Кого я смею любить (Базен) - страница 78

Морис сидит у мамы, прямо на постели, у изголовья. Он вскакивает, путается в улыбках: одну — маме, другую — мне: двусмысленную и словно ссылающуюся на чрезвычайные обстоятельства. Он ищет верную интонацию, чтобы произнести:

— Вот и Иза. Мне позволят пойти позавтракать?

— Конечно, солнышко, иди, — отвечает мама, не спрашивая у меня, пила ли я сегодня кофе.

Морис исчезает как тень, и я устраиваюсь на его месте, в еще теплом углублении в одеяле.

— Как дела, Иза? — шепчет мама.

— Посмотрим сначала, как дела у мадам Мелизе! — отвечает эта самая Иза, принимая ложно-веселый тон.

— Ох, что теперь обо мне говорить!

Нат убить мало! Неужели она не может дать ей спокойно скончаться в ожидании непременного, но постоянно отдаляемого выздоровления? Но меня не проведешь! На мою деланную веселость отвечает деланное смирение, с беспокойством ожидающее положенных по случаю возражений, которые возродят надежду. Следует неизбежный вздох:

— Бедный Морис! Когда меня не станет, он будет страшно одинок.

— Еще чего! Он только того и ждет, чтобы овдоветь! Даже боится, как бы это не затянулось на годы!

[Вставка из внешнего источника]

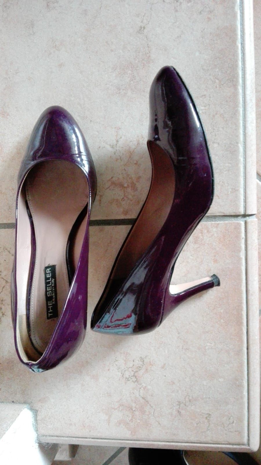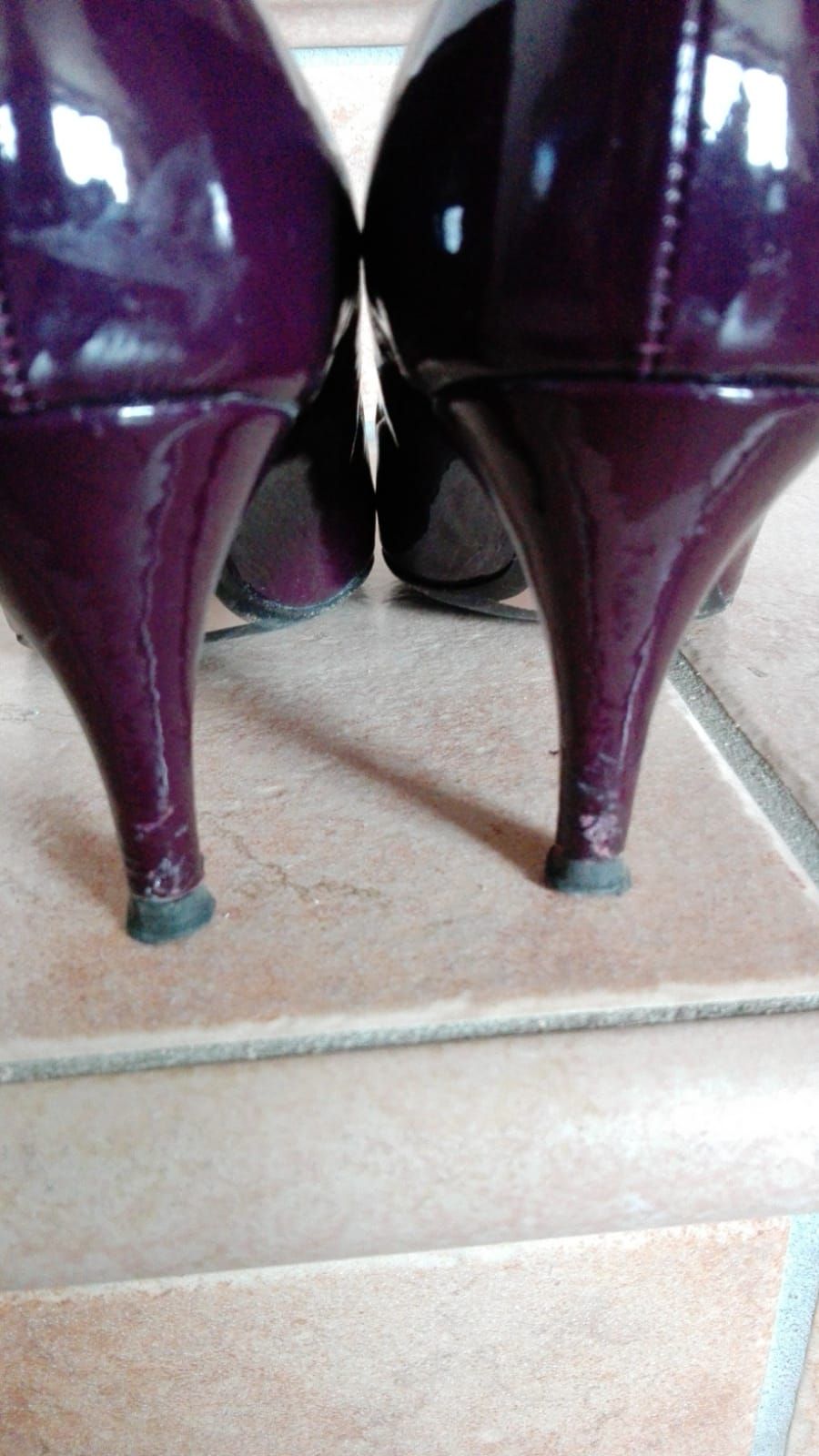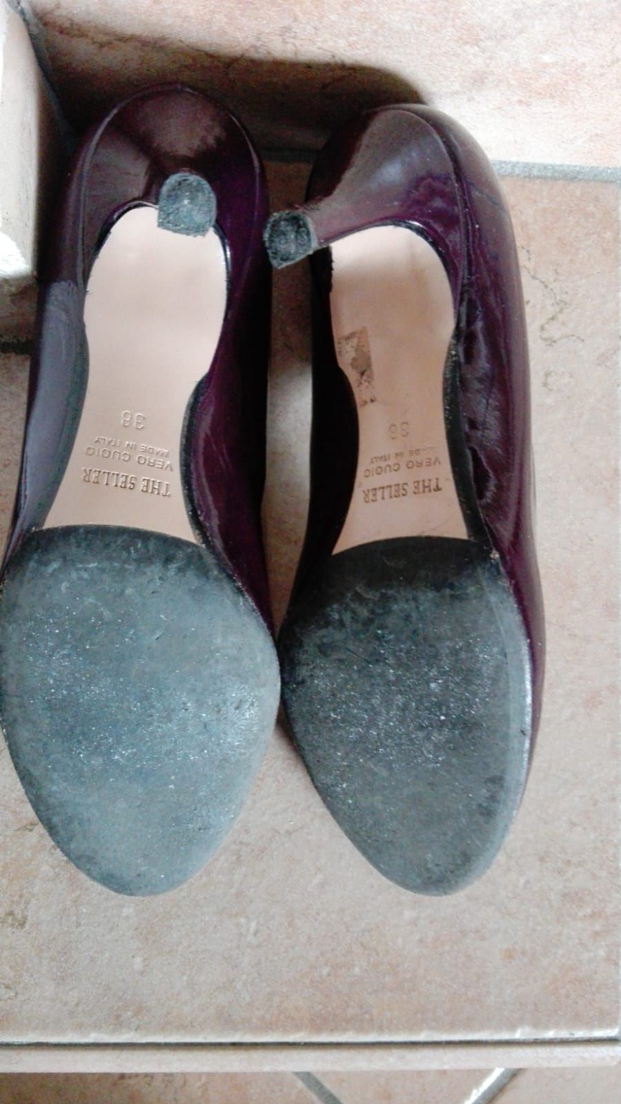 Descrizione:in pelle,vernice bordeaux,ho scritto usato tanto solo perchè il tacchettino in fondo è leggermente rovinato,ma camminando ne si vede e ne pregiudica la camminata ,tacco 7,suola antiscivolo
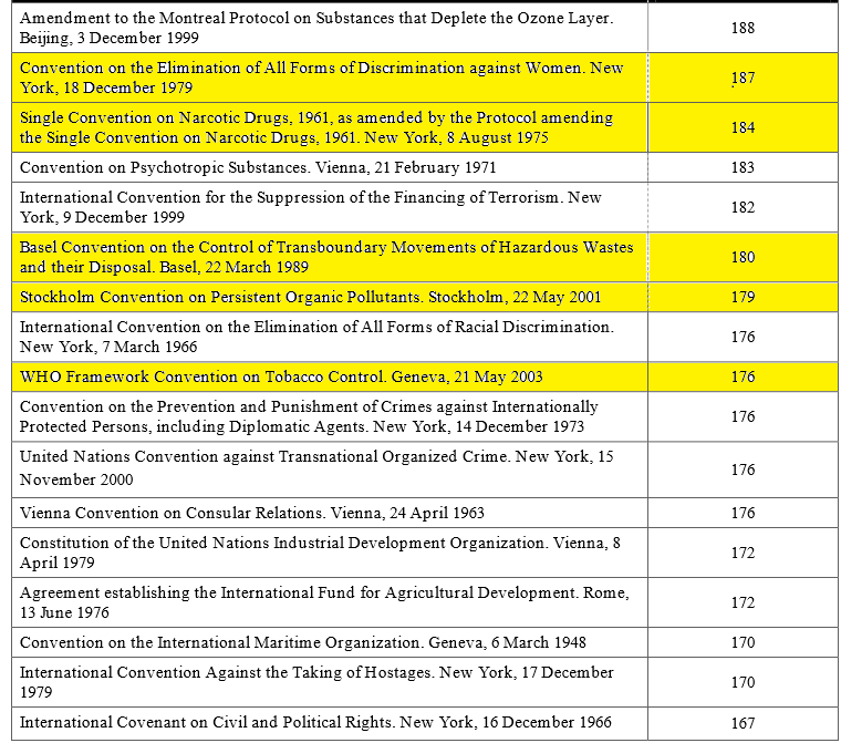 Notably, the United States is a full member of all the U.N. treaties just named. Indeed, it belongs to 23 of the 36 treaties on the U.N. list, including nearly all that are intended to step up the enforcement of criminal law. That said, many of the 13 treaties from which it’s steered clear – highlighted in yellow below – are aimed at significant issues, ranging from protection of human rights to protection of health and the environment to protection of global security. They include 2 treaties for which the United States is a nonparty along with only 1 or 2 other U.N. member states; to be precise, the 1989 Convention on the Rights of the Child and the 1992 Convention on Biological Diversity. Here’s the “outlier” list in full:
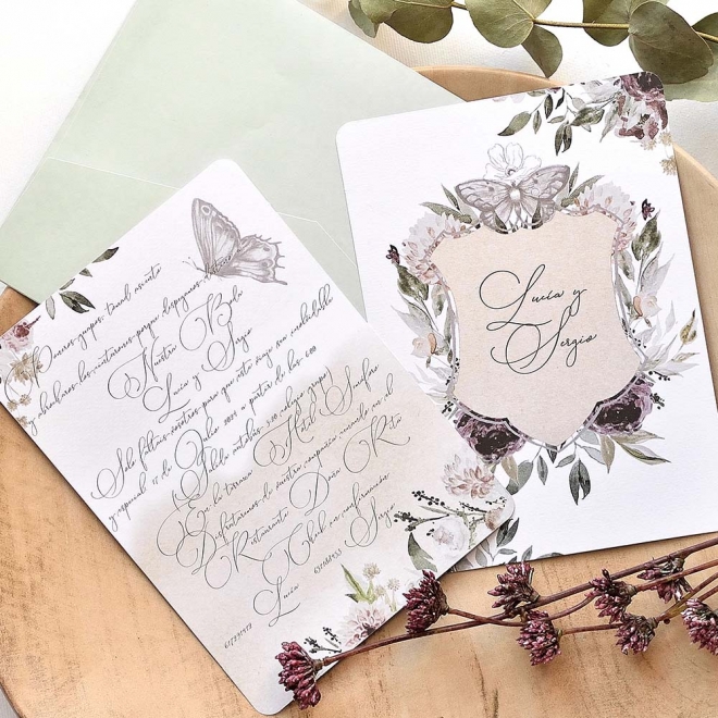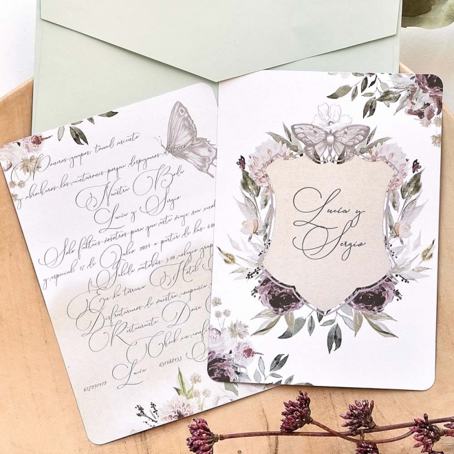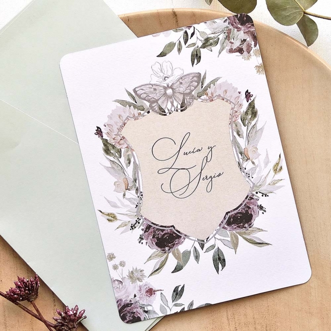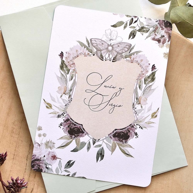 Faire-part de mariage en ligne avec des détails de fleurs au centre qui mettent en évidence les noms des mariés. Au verso, le texte avec les données de votre mariage sera imprimé sur un fond floral et rustique. L'enveloppe est comprise dans le prix du faire-part.

Реплика выдержана в заданном тоне. Лучшая шутка иногда бывает самой ужасной правдой, сделанной таким образом немыслимой, сведенной к роли риторической фигуры. Моя только что вернула улыбку моей матери, которая шепчет с той же иронией:

— Как знать!

Теперь остановимся, иначе боюсь, что слова, увлеченные своей тяжестью, раздавят нас под своим весом. Мамины чувства в таком состоянии, что никакая хитрость не сможет дольше удерживать ее в заблуждении, кроме хорошо сыгранной беззаботности, спокойствия, достаточно уверенного в себе, чтобы не позволить и ей в нем сомневаться. Вот она здесь, и я тоже здесь — добрая, нежная девочка, которая берет свое вязание, считает петли — одна лицевая, две изнаночные — и не отрывает глаз от спиц. Я подумала, не сказать ли: «Это свитер для тебя», но нитки были бы слишком белыми. Достаточно только отвлечь внимание:

— Ты говорила про солнце.

— Да, — сказала мама.

— Хочешь, я приспущу жалюзи?

— Да.

Ее «да» немного глуховато. Она почти не шевелится в постели, одеяло без единой морщинки доходит ей до самого подбородка, волосы распущены вокруг неподвижной головы. Лучше спустить жалюзи до самого низа и молчать, вязать еще усерднее, пока вдалеке гудит баржа, поднимающаяся по каналу.

* * *

Последний удар колокола, созывающего в церковь, короткий перезвон возношения даров, благовест по окончании службы, за которым тут же следует бренчание из крестильни: время идет своим чередом. Морис дважды заходил и уходил. Берта и Натали сейчас на обратном пути. Мама пошевелила губами.